Fossil fuel industry resorts to unproven recycling methods to support

Fossil fuel industry resorts to unproven recycling methods to support plastics – The Hill

For decades, the fossil fuel industry has pushed for recycling as an alternative to bans or cuts in filling landfills and oceans with single-use plastic.

Now, with the annual UN Climate Change Conference (COP28) just around the corner, the industry is making publicity on a global scale – and using it to blunt efforts to reduce fossil fuel use.

This strategy was made clear last week at the third meeting of the Intergovernmental Negotiating Committee (INC-3) in Nairobi, Kenya – part of a process legally required to reach an international agreement on plastics by 2024.

It began with high hopes and soaring rhetoric as President William Ruto of Kenya – a country that has banned a wide range of single-use plastics – called on negotiators to be “the first domino” in the “inevitable” shift towards a world of strength reduced plastic consumption.

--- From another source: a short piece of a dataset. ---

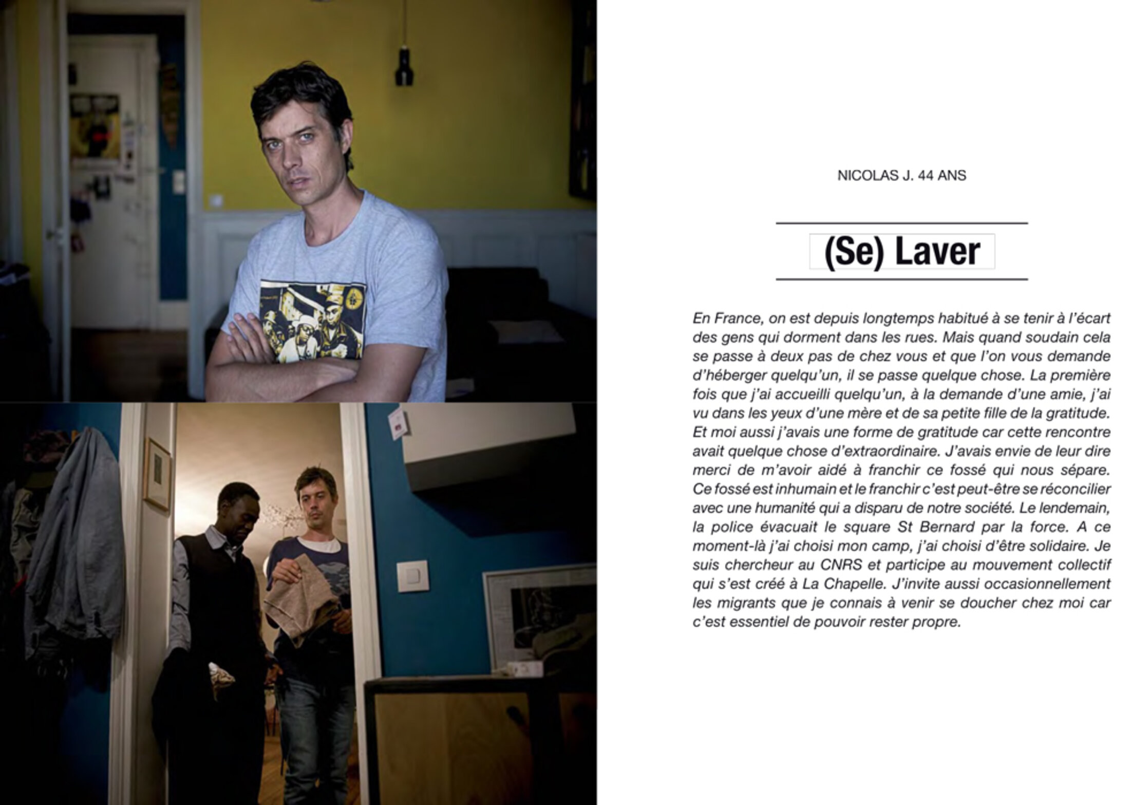 Bertrand Gaudillère, photographe et cofondateur du Collectif Item. Cette structure basée à Lyon lui permet de réaliser et de diffuser un travail qui explore essentiellement des problématiques sociales et politiques comme la question des sans-papiers en France.

Instead, negotiations ended in deadlock and confusion as countries like Saudi Arabia and China joined trade groups like the American Chemistry Council to fight the idea of ​​restricting the production of plastics in any way.

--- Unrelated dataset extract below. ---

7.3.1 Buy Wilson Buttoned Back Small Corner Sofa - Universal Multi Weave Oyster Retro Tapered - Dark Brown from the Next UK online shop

More than 140 registered fossil fuel and plastics lobbyists were in attendance, many of them part of six national delegations – making them by far the largest bloc at the conference.

The army of fossil fuel and petrochemical advocates also outnumbered independent scientists 4 to 1 and outnumbered the collective delegations of the 70 smallest countries combined.

They joined a conference whose agenda included the possible “phasing out” of particularly harmful and replaceable plastics – and then argued that this was not necessary. Instead, petrochemical companies are hoping for a “circular economy” in which plastic waste is reused indefinitely to make new plastic products.

Their weapons in this campaign: innocuous-sounding phrases such as “national priorities,” “national circumstances,” the push for “a bottom-up approach,” and a plea for “technological innovation.”

All of this, anti-plastic activists argued, aimed at diluting the original goal of the treaty, namely a binding and solid agreement that would significantly reduce the amount of plastic entering the environment.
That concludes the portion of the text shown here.